Explore and Join Data¶
Now we have all of the raw data needed for this project. Let’s explore what’s inside these datasets.
From the Flow, double click on the crm_last_year dataset to open it.
Configure a Sample¶
On opening a dataset, you’ll find the Explore tab. It looks similar to a spreadsheet, but with a few key differences. For starters, you are viewing only a sample of the dataset.
Note
By default, the Explore tab shows the first 10,000 rows of the dataset, but many other configurations are possible. Working with a sample makes it easy to work interactively (filtering, sorting, etc.) on even very large datasets.
Near the top left of the screen, click on Configure sample.
Change the Sampling method from “First records” to Random (nb. records).
Click Save and Refresh Sample.
On the right sidebar, click to open the Details panel (marked with an “i”).
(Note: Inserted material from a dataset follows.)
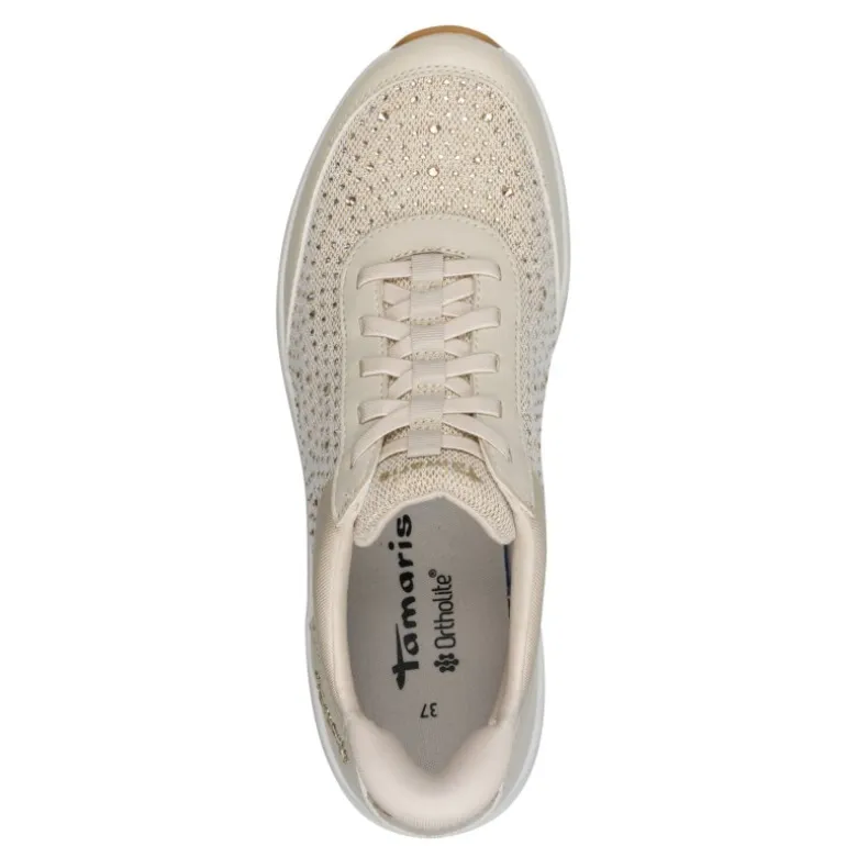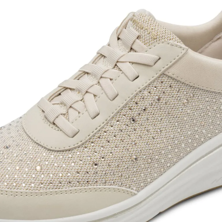 Meget smart og ekstra komfortabel sneakers fra Tamaris. Skoen er i en flot lys beige, med rhinsten der matcher i farven. Snørene er elastiksnøre, så skoen er lige til at stikke i. Ekstra bløde såler indvendigt

Under Status, click Compute. Refresh the count of records.
Tip
Although the sample includes only 10,000 records, the actual dataset is larger. Dataiku DSS itself imposes no limit on how large a dataset can be.
Observe the Schema¶
Look closer at the header of the table. At the top of each column is the column name, its storage type, and its meaning.
Note
Datasets in Dataiku DSS have a schema. The schema of a dataset is the list of columns, with their names and types.
A column in Dataiku DSS has two kinds of “types”:
The storage type indicates how the dataset backend should store the column data, such as “string”, “boolean”, or “date”.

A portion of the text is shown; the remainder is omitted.